• The records
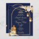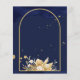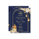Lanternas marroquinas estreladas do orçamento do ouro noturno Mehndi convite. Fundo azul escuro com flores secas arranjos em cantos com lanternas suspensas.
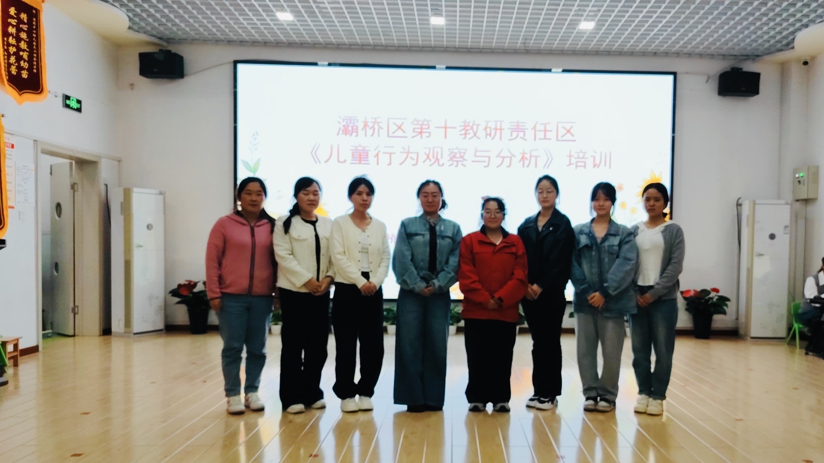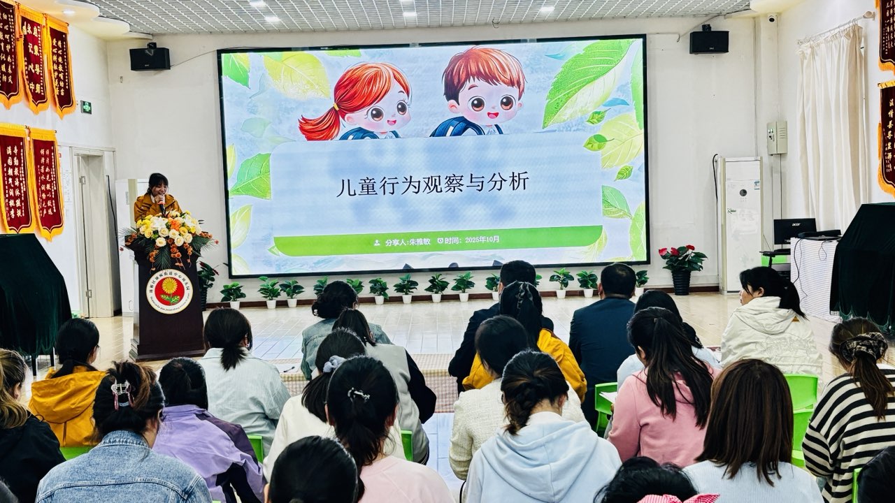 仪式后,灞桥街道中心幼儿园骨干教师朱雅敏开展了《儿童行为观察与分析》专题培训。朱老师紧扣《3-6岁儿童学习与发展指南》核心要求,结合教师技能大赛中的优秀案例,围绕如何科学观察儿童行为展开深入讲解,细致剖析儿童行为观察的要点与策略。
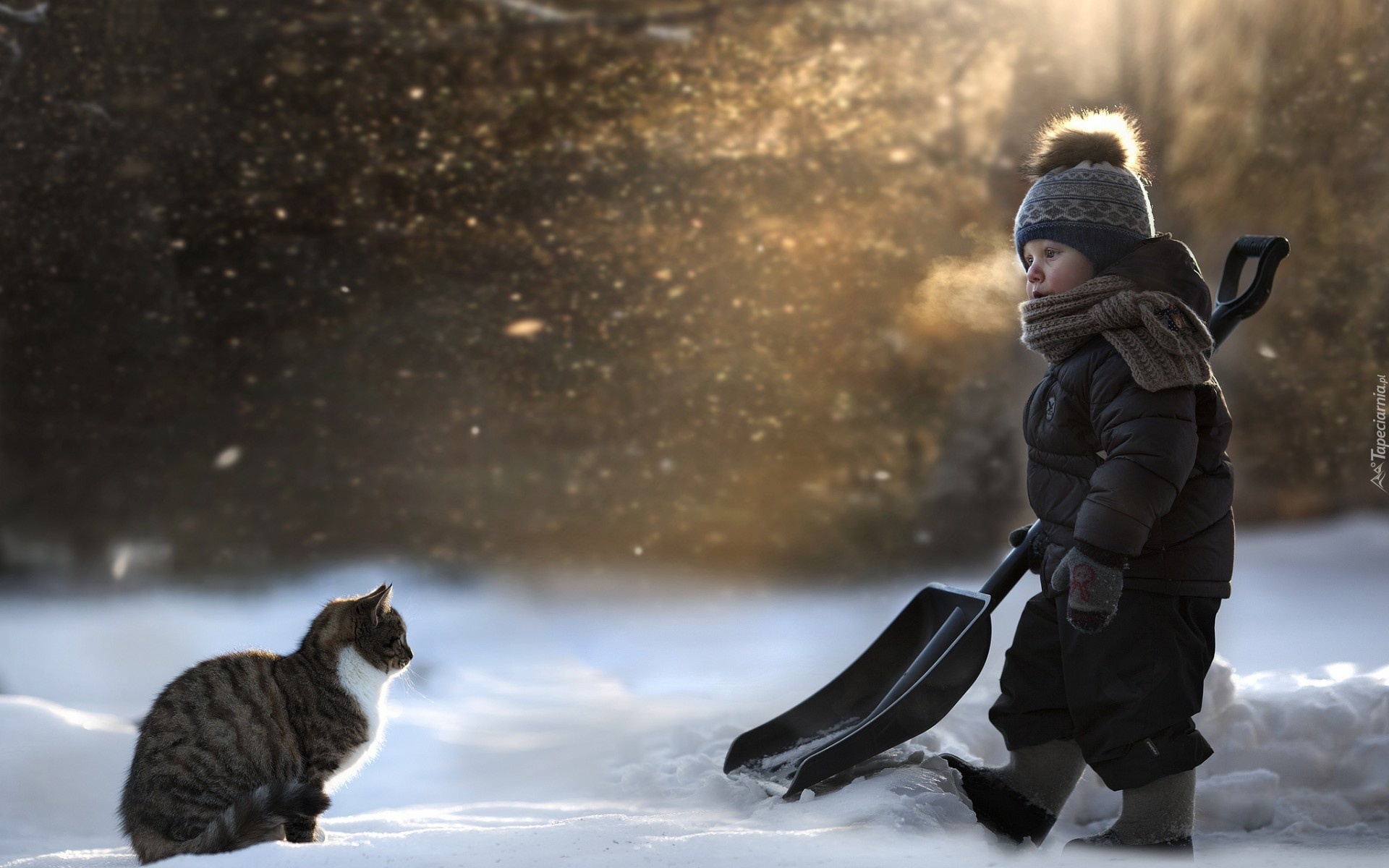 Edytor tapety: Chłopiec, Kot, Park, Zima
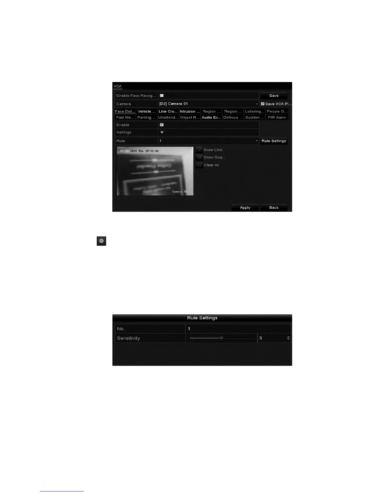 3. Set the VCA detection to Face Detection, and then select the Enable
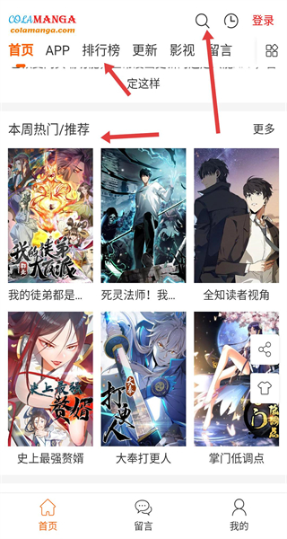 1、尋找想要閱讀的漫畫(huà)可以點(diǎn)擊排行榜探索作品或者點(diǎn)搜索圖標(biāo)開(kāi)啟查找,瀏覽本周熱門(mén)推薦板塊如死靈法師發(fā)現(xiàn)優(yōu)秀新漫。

--

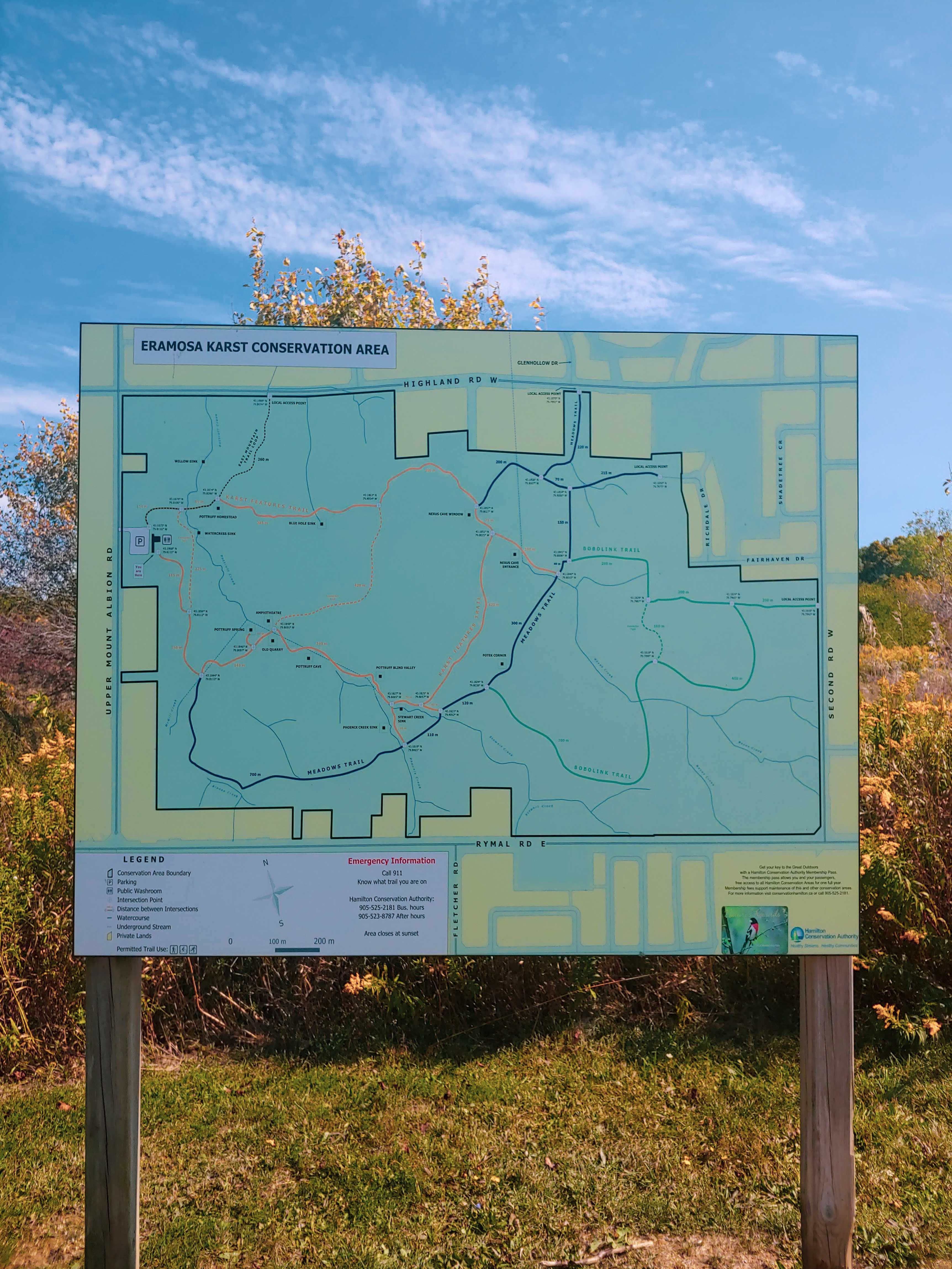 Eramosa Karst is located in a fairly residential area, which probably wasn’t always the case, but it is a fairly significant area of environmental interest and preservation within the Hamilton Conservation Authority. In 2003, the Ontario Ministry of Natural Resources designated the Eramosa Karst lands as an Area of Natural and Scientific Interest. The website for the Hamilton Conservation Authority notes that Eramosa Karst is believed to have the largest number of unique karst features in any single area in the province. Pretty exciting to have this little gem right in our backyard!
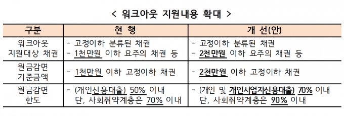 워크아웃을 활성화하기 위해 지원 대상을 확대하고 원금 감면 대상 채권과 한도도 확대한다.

• Work to complete
Work from the entries above. Set down exactly and only the lines from the line with "Lanternas marroquinas estreladas" to the line with "1、尋找想要閱讀的漫畫(hu", both included, and leave the pictures out.

• Exercise solution
Lanternas marroquinas estreladas do orçamento do ouro noturno Mehndi convite. Fundo azul escuro com flores secas arranjos em cantos com lanternas suspensas.
 仪式后,灞桥街道中心幼儿园骨干教师朱雅敏开展了《儿童行为观察与分析》专题培训。朱老师紧扣《3-6岁儿童学习与发展指南》核心要求,结合教师技能大赛中的优秀案例,围绕如何科学观察儿童行为展开深入讲解,细致剖析儿童行为观察的要点与策略。
 Edytor tapety: Chłopiec, Kot, Park, Zima
 3. Set the VCA detection to Face Detection, and then select the Enable
 1、尋找想要閱讀的漫畫(huà)可以點(diǎn)擊排行榜探索作品或者點(diǎn)搜索圖標(biāo)開(kāi)啟查找,瀏覽本周熱門(mén)推薦板塊如死靈法師發(fā)現(xiàn)優(yōu)秀新漫。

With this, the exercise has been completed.